▶ The problem: Find the string "with" in the records. Copy each line that has it.
━━ Data under study
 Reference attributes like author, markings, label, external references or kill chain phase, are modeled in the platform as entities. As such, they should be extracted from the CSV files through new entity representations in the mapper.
━━━━
━━ Data under study
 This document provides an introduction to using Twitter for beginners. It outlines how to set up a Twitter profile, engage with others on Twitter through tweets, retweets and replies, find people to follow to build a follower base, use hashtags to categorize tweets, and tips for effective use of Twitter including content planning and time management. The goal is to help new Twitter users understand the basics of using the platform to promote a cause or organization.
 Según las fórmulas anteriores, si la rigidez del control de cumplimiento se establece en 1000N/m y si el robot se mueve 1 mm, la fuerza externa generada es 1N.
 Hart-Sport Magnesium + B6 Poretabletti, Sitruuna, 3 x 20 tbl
━━━━
━━ Data under study
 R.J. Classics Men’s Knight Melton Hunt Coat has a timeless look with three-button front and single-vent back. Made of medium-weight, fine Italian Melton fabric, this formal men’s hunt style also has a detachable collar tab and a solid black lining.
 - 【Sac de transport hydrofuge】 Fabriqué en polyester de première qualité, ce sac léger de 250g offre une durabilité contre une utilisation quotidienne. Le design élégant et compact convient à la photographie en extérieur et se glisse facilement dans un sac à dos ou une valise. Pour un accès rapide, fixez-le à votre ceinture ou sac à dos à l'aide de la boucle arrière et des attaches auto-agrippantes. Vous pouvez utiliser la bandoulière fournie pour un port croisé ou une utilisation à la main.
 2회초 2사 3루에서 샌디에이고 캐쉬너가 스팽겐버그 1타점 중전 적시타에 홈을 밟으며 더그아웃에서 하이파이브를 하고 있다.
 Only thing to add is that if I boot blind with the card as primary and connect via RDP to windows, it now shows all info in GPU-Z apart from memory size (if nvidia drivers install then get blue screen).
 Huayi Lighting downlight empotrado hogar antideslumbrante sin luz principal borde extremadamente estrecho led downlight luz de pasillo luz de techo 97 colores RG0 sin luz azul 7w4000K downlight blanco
━━━━
▶ Worked solution:
 This document provides an introduction to using Twitter for beginners. It outlines how to set up a Twitter profile, engage with others on Twitter through tweets, retweets and replies, find people to follow to build a follower base, use hashtags to categorize tweets, and tips for effective use of Twitter including content planning and time management. The goal is to help new Twitter users understand the basics of using the platform to promote a cause or organization.
 R.J. Classics Men’s Knight Melton Hunt Coat has a timeless look with three-button front and single-vent back. Made of medium-weight, fine Italian Melton fabric, this formal men’s hunt style also has a detachable collar tab and a solid black lining.
 Only thing to add is that if I boot blind with the card as primary and connect via RDP to windows, it now shows all info in GPU-Z apart from memory size (if nvidia drivers install then get blue screen).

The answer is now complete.